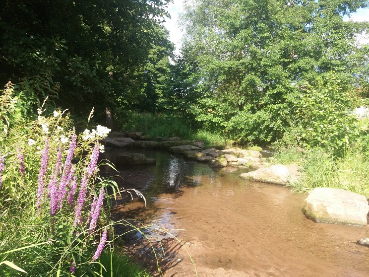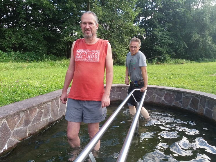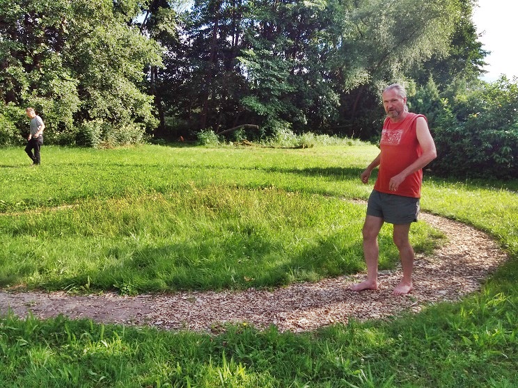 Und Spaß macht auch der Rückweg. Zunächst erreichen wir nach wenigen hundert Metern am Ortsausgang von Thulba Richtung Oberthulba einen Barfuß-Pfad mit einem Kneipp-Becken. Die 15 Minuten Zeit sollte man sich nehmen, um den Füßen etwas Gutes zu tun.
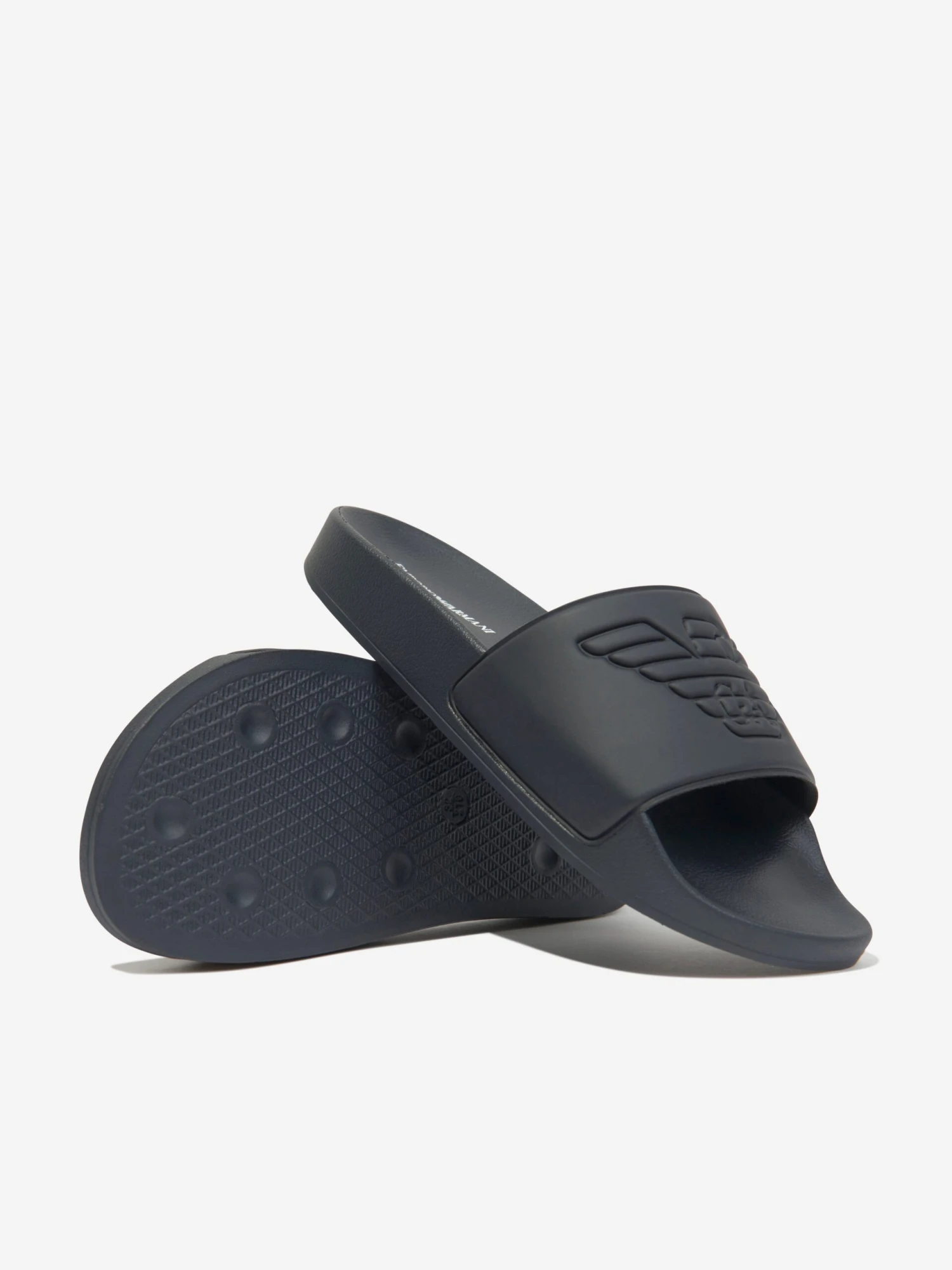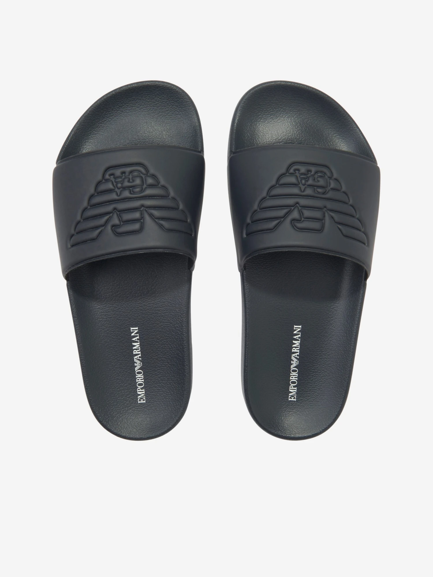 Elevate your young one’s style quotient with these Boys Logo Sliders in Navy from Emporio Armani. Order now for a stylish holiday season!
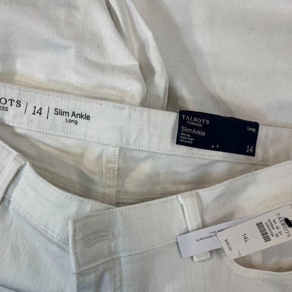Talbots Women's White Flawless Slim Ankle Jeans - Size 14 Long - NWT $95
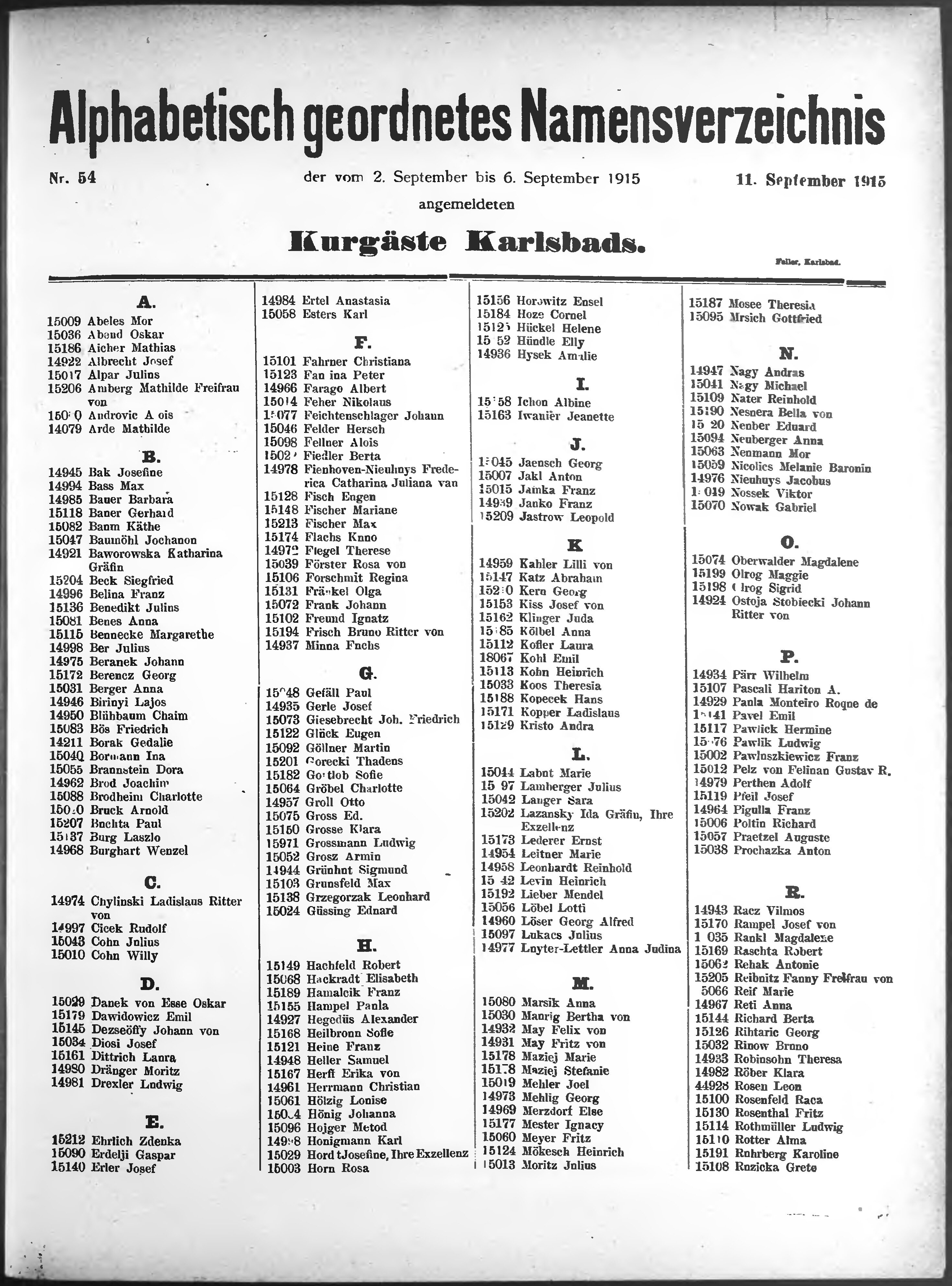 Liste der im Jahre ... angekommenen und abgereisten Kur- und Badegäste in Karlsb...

----

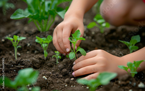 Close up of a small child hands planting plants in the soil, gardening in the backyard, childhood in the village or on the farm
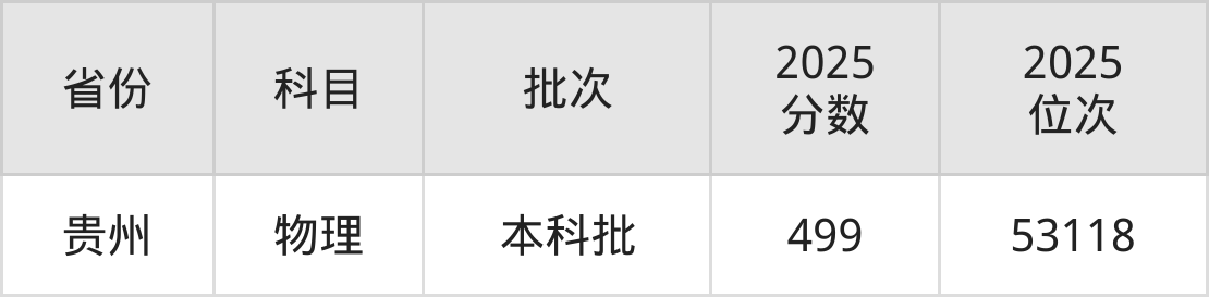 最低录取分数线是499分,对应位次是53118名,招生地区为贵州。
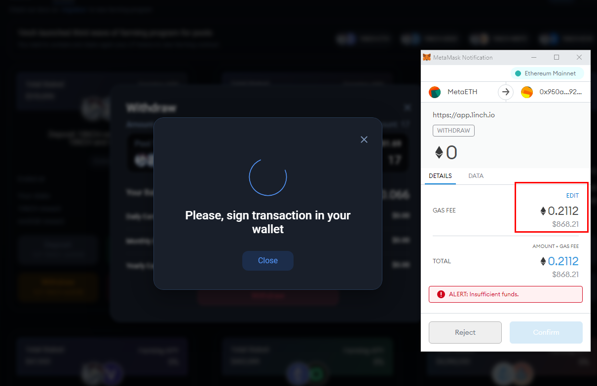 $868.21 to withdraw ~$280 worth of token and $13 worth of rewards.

----

* [WHAT THE EXERCISE ASKS]: Write out word for word the lines above that run from the one with "Und Spaß macht" to the one with "Liste der im". Include both end lines; exclude the images.

* [OUTPUT OF THE TASK]:
 Und Spaß macht auch der Rückweg. Zunächst erreichen wir nach wenigen hundert Metern am Ortsausgang von Thulba Richtung Oberthulba einen Barfuß-Pfad mit einem Kneipp-Becken. Die 15 Minuten Zeit sollte man sich nehmen, um den Füßen etwas Gutes zu tun.
 Elevate your young one’s style quotient with these Boys Logo Sliders in Navy from Emporio Armani. Order now for a stylish holiday season!
Talbots Women's White Flawless Slim Ankle Jeans - Size 14 Long - NWT $95
 Liste der im Jahre ... angekommenen und abgereisten Kur- und Badegäste in Karlsb...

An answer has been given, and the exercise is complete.